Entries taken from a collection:
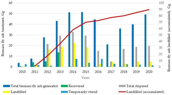 Biomass fly ash (10 01 03) generation, recovery, and disposal in Poland, in Gg, based on [10,11].
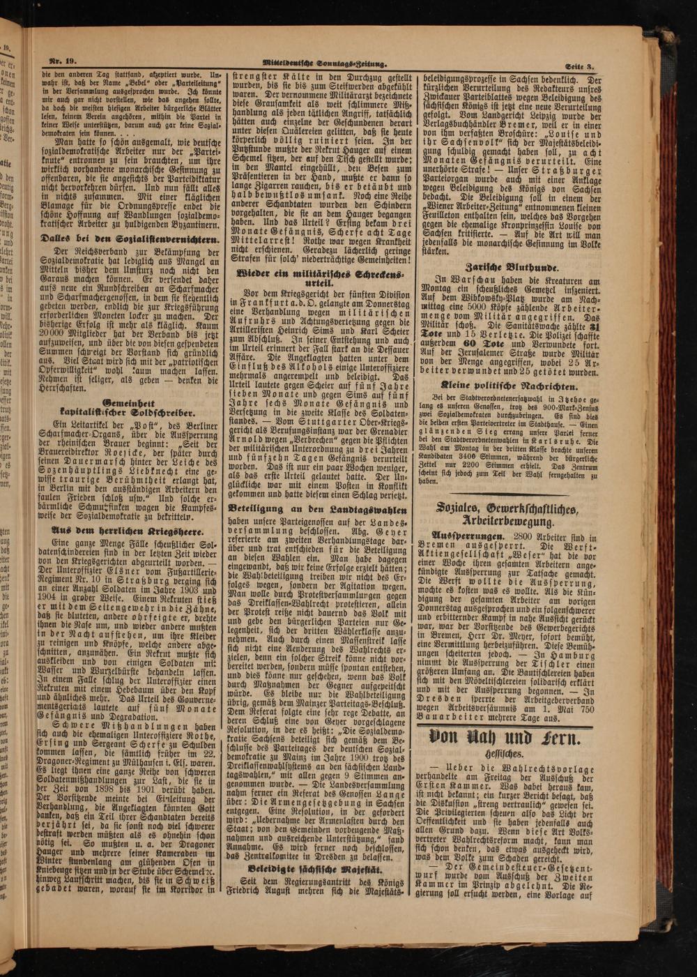 beleidigungsprozesse in Sachsen bedenklich. Der kürzlichen Verurteilung des Redakteurs unsres Zwickauer Parteiblattes wegen Beleidigung des säͤchsischen Königs ist jetzt eine neue Verurteilung gefolgt. Vom Landgericht Leipzig wurde der Verlagsbuchhändler Bremer, weil er in einer von ihm verfaßten Broschüre:„Louise und ihr Sachsenbolk“ sich der Majestätsbeleidi⸗ gung schuldig gemacht haben soll, zu acht Monaten Gefeugnis verurteilt. Eine unerhörte Strafe!— 15 90 Straßburger Parteiorgan wurde auch mit einer Anklage wegen Beleidigung des Königs von Sachsen bedacht. Die Beleidigung soll in einem der Wiener Arbeiter⸗Zeitung“ entnommenen kleinen Feuilleton enthalten sein, welches das Vorgehen gegen die ehemalige Kronprinzessin Louise von Sachsen kritisterte.— Auf die Art will man Kate die monarchische Gesinnung im Volke ärken.
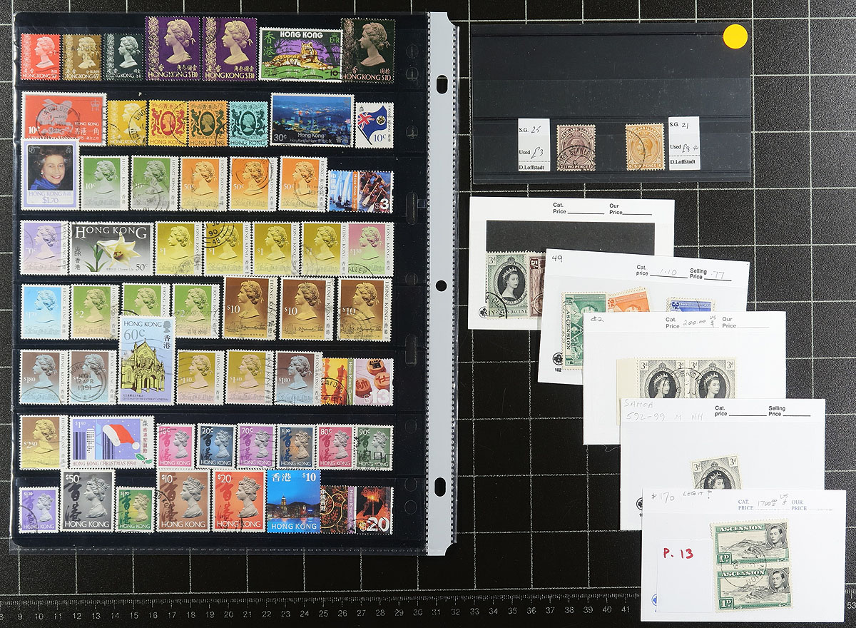 Used selection from several colonies, including a few where used is more difficult to find than mint. Strength is in British South Atlantic with Ascension (#13 x2, 1948 Silver Wedding high value), Falklands (#34, #100), St. Helena, Tristan da Cunha. From the same area is a page of St. Lucia (a bit of mint mixed in here) and then two pages with a century of Hong Kong issues (catalogues $225.00). A very nice selection, perfect to fill in spaces or to break up for sale. Estimate =
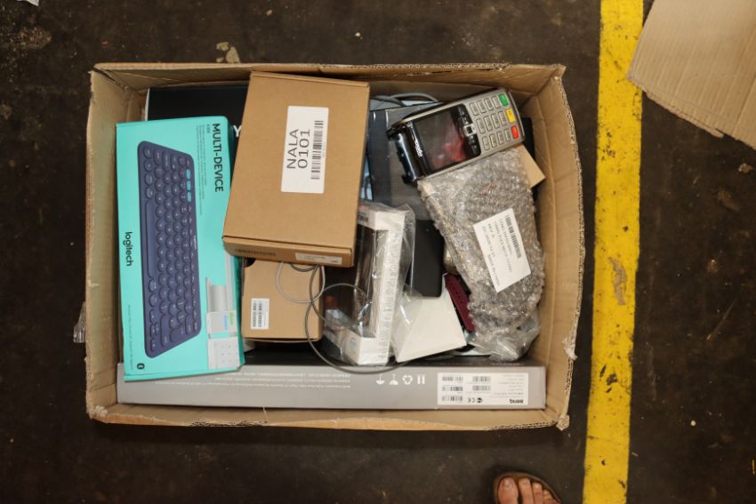A box of assorted as new and pre-owned small electrical items and accessories (All items sold as seen).
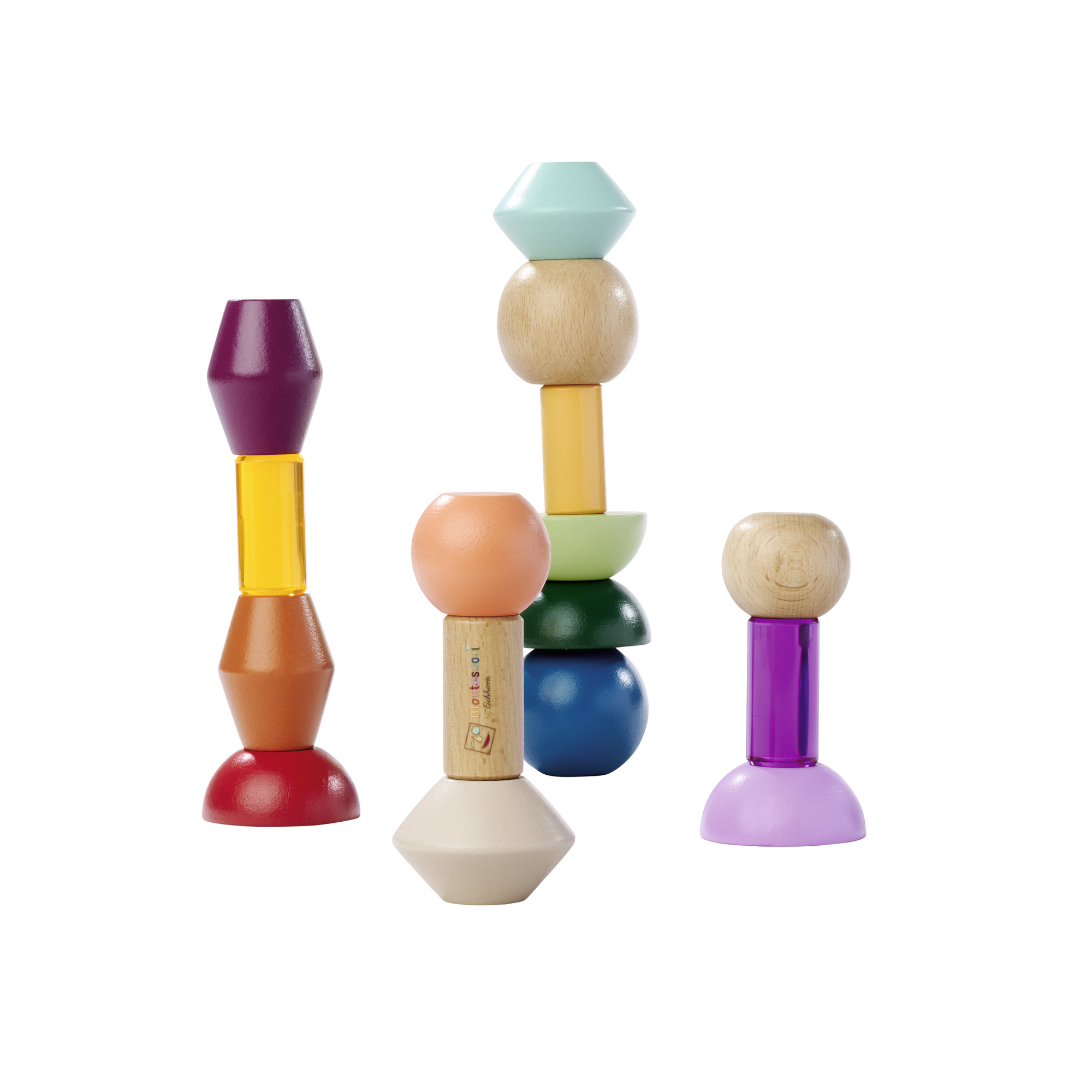 Drewniana układanka składa się z 16 kolorowych elementów, z których można ułożyć niezwykle wysoką wieżę bądź kilka mniejszych. Każdy z części posiada płaskie fragmenty, aby układanie stało się jeszcze prostsze.
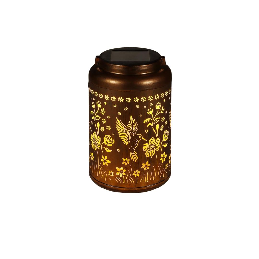 Bring elegance to your outdoor spaces with these solar-powered lanterns. Featuring a retro gold-copper finish and hollowed metal design, they cast warm light with intricate hummingbird patterns, creating a stunning atmosphere for gardens, patios, pathways, or balconies.
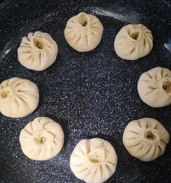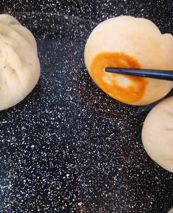 全部做好後,平底鍋刷油,把生胚放進鍋裡,每個生胚之間要留點距離,蓋上鍋蓋,二次發酵至明顯變大,約15分鐘。
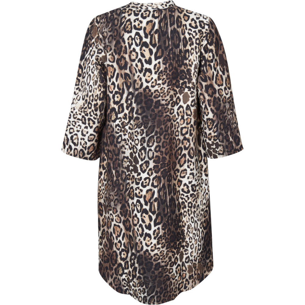 En avslappet og feminin kjole med rett passform og et dristig leopardtrykk som gir den et stilig preg og personlighet. Den har V-hals, 3/4-lange ermer og en løs silhuett for både komfort og stil. Det lette stoffet gir et vakkert fall og flyt.
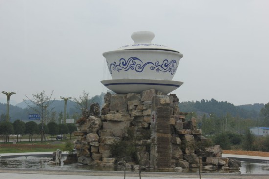 The photo shows a giant decorative tea cup in the Meitan County, southwest China's Guizhou Province. [Photo: CRIENGLISH.com / Wang Wei] |
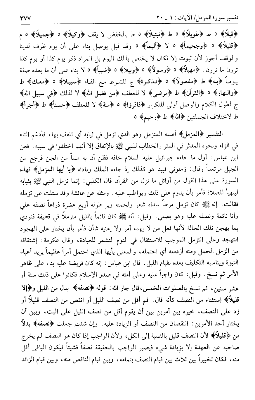 قِيلًا هـ ط طَوِيلًا هـ ط تَبْتِيلًا هـ ط بالخفض لا يقف وَكِيلًا هـ جَمِيلًا هـ م قَلِيلًا هـ وَجَحِيماً هـ لا أَلِيماً هـ وقد قيل يوصل بناء على أن يوم ظرف لدينا والوقف أجوز لأن ثبوت إلا نكال لا يختص بذلك اليوم بل المراد ذكر يوم كذا أو يوم كذا ترون ما ترون. مَهِيلًا هـ رَسُولًا هـ وَبِيلًا هـ شِيباً هـ لا بناء على أن ما بعده صفة يوما بِهِ ط مَفْعُولًا هـ تَذْكِرَةٌ ج للشرط مع الفاء سَبِيلًا هـ مَعَكَ ط وَالنَّهارَ هـ الْقُرْآنِ ط مَرْضى لا للعطف مِنْ فَضْلِ اللَّهِ لا لذلك فِي سَبِيلِ اللَّهِ ج لطول الكلام والوصل أولى للتكرار فَاقْرَؤُا هـ مِنْهُ لا للعطف حَسَناً ط أَجْراً ط لاختلاف الجملتين اللَّهُ ط رَحِيمٌ هـ
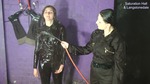 Rosemary, in a black boilersuit, and Maude, in tight black running trousers and jacket, hose each other down and wash each other's hair in the dungeon. They are wearing the somewhat damp clothes they travelled back from a mud scene in, beneath which they are wearing the same underclothes they wore in the mud. They thoroughly hose each other down, and then wash each other's hair, all while still in their now soaking wet clothes.
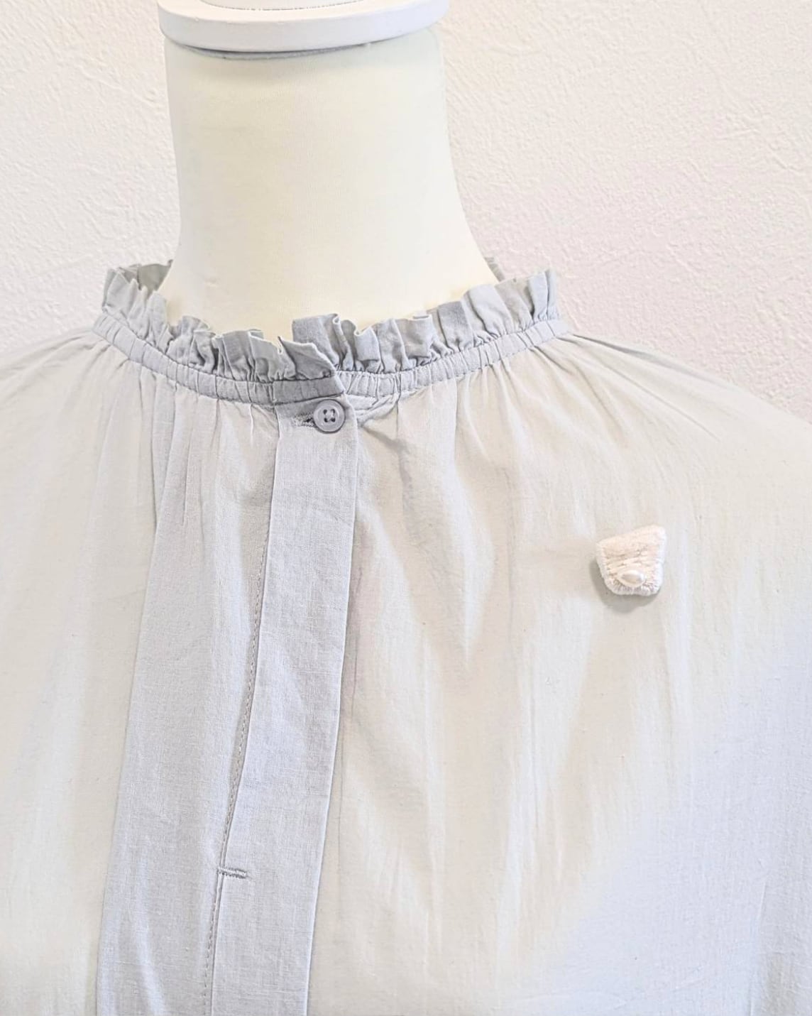 リネンやコットンなど、天然素材のお洋服にやさしく馴染みます。
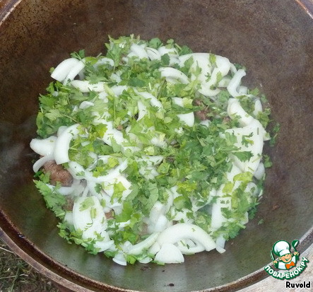 Нарежем полукольцами несколько луковиц, мелко порубим небольшой пучок кинзы и выложим ровным слоем на наше мясо. Потом луковое покрывало даст сок и не позволит испаряться лишней влаге, а кинза отдаст свой непревзойдённый аромат.
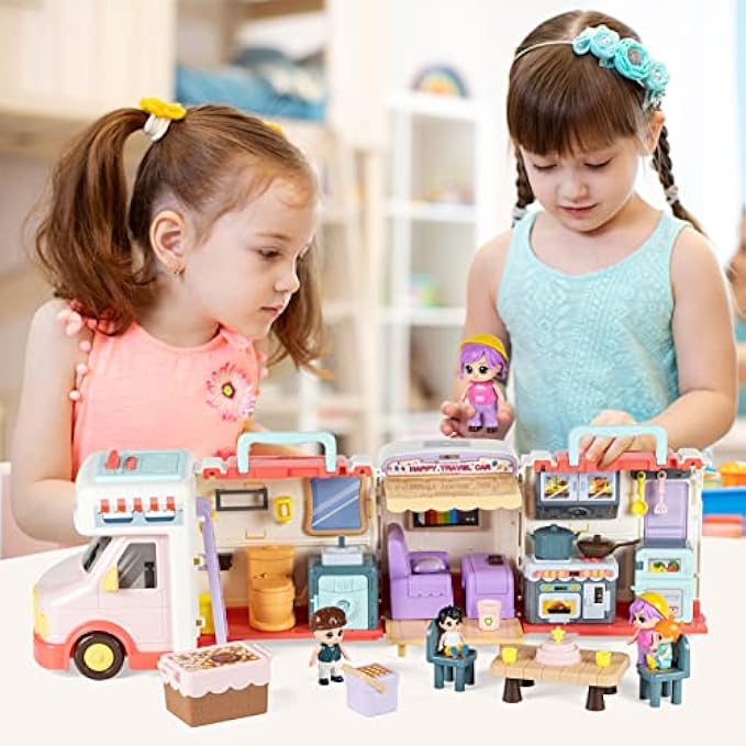 Marstone Doll House Camping Toy, Transforming Doll Camper Dream House with Little People, Pretend RV Van Play Set Girls Toy Inertia Vehicle with Sound and Music for Age 3 4 5 6 7 8+

(Work item): Would you set down the entries exactly as given, minus their pictures?

(Task result):
 Biomass fly ash (10 01 03) generation, recovery, and disposal in Poland, in Gg, based on [10,11].
 beleidigungsprozesse in Sachsen bedenklich. Der kürzlichen Verurteilung des Redakteurs unsres Zwickauer Parteiblattes wegen Beleidigung des säͤchsischen Königs ist jetzt eine neue Verurteilung gefolgt. Vom Landgericht Leipzig wurde der Verlagsbuchhändler Bremer, weil er in einer von ihm verfaßten Broschüre:„Louise und ihr Sachsenbolk“ sich der Majestätsbeleidi⸗ gung schuldig gemacht haben soll, zu acht Monaten Gefeugnis verurteilt. Eine unerhörte Strafe!— 15 90 Straßburger Parteiorgan wurde auch mit einer Anklage wegen Beleidigung des Königs von Sachsen bedacht. Die Beleidigung soll in einem der Wiener Arbeiter⸗Zeitung“ entnommenen kleinen Feuilleton enthalten sein, welches das Vorgehen gegen die ehemalige Kronprinzessin Louise von Sachsen kritisterte.— Auf die Art will man Kate die monarchische Gesinnung im Volke ärken.
 Used selection from several colonies, including a few where used is more difficult to find than mint. Strength is in British South Atlantic with Ascension (#13 x2, 1948 Silver Wedding high value), Falklands (#34, #100), St. Helena, Tristan da Cunha. From the same area is a page of St. Lucia (a bit of mint mixed in here) and then two pages with a century of Hong Kong issues (catalogues $225.00). A very nice selection, perfect to fill in spaces or to break up for sale. Estimate =
A box of assorted as new and pre-owned small electrical items and accessories (All items sold as seen).
 Drewniana układanka składa się z 16 kolorowych elementów, z których można ułożyć niezwykle wysoką wieżę bądź kilka mniejszych. Każdy z części posiada płaskie fragmenty, aby układanie stało się jeszcze prostsze.
 Bring elegance to your outdoor spaces with these solar-powered lanterns. Featuring a retro gold-copper finish and hollowed metal design, they cast warm light with intricate hummingbird patterns, creating a stunning atmosphere for gardens, patios, pathways, or balconies.
 全部做好後,平底鍋刷油,把生胚放進鍋裡,每個生胚之間要留點距離,蓋上鍋蓋,二次發酵至明顯變大,約15分鐘。
 En avslappet og feminin kjole med rett passform og et dristig leopardtrykk som gir den et stilig preg og personlighet. Den har V-hals, 3/4-lange ermer og en løs silhuett for både komfort og stil. Det lette stoffet gir et vakkert fall og flyt.
 The photo shows a giant decorative tea cup in the Meitan County, southwest China's Guizhou Province. [Photo: CRIENGLISH.com / Wang Wei] |
 قِيلًا هـ ط طَوِيلًا هـ ط تَبْتِيلًا هـ ط بالخفض لا يقف وَكِيلًا هـ جَمِيلًا هـ م قَلِيلًا هـ وَجَحِيماً هـ لا أَلِيماً هـ وقد قيل يوصل بناء على أن يوم ظرف لدينا والوقف أجوز لأن ثبوت إلا نكال لا يختص بذلك اليوم بل المراد ذكر يوم كذا أو يوم كذا ترون ما ترون. مَهِيلًا هـ رَسُولًا هـ وَبِيلًا هـ شِيباً هـ لا بناء على أن ما بعده صفة يوما بِهِ ط مَفْعُولًا هـ تَذْكِرَةٌ ج للشرط مع الفاء سَبِيلًا هـ مَعَكَ ط وَالنَّهارَ هـ الْقُرْآنِ ط مَرْضى لا للعطف مِنْ فَضْلِ اللَّهِ لا لذلك فِي سَبِيلِ اللَّهِ ج لطول الكلام والوصل أولى للتكرار فَاقْرَؤُا هـ مِنْهُ لا للعطف حَسَناً ط أَجْراً ط لاختلاف الجملتين اللَّهُ ط رَحِيمٌ هـ
 Rosemary, in a black boilersuit, and Maude, in tight black running trousers and jacket, hose each other down and wash each other's hair in the dungeon. They are wearing the somewhat damp clothes they travelled back from a mud scene in, beneath which they are wearing the same underclothes they wore in the mud. They thoroughly hose each other down, and then wash each other's hair, all while still in their now soaking wet clothes.
 リネンやコットンなど、天然素材のお洋服にやさしく馴染みます。
 Нарежем полукольцами несколько луковиц, мелко порубим небольшой пучок кинзы и выложим ровным слоем на наше мясо. Потом луковое покрывало даст сок и не позволит испаряться лишней влаге, а кинза отдаст свой непревзойдённый аромат.
 Marstone Doll House Camping Toy, Transforming Doll Camper Dream House with Little People, Pretend RV Van Play Set Girls Toy Inertia Vehicle with Sound and Music for Age 3 4 5 6 7 8+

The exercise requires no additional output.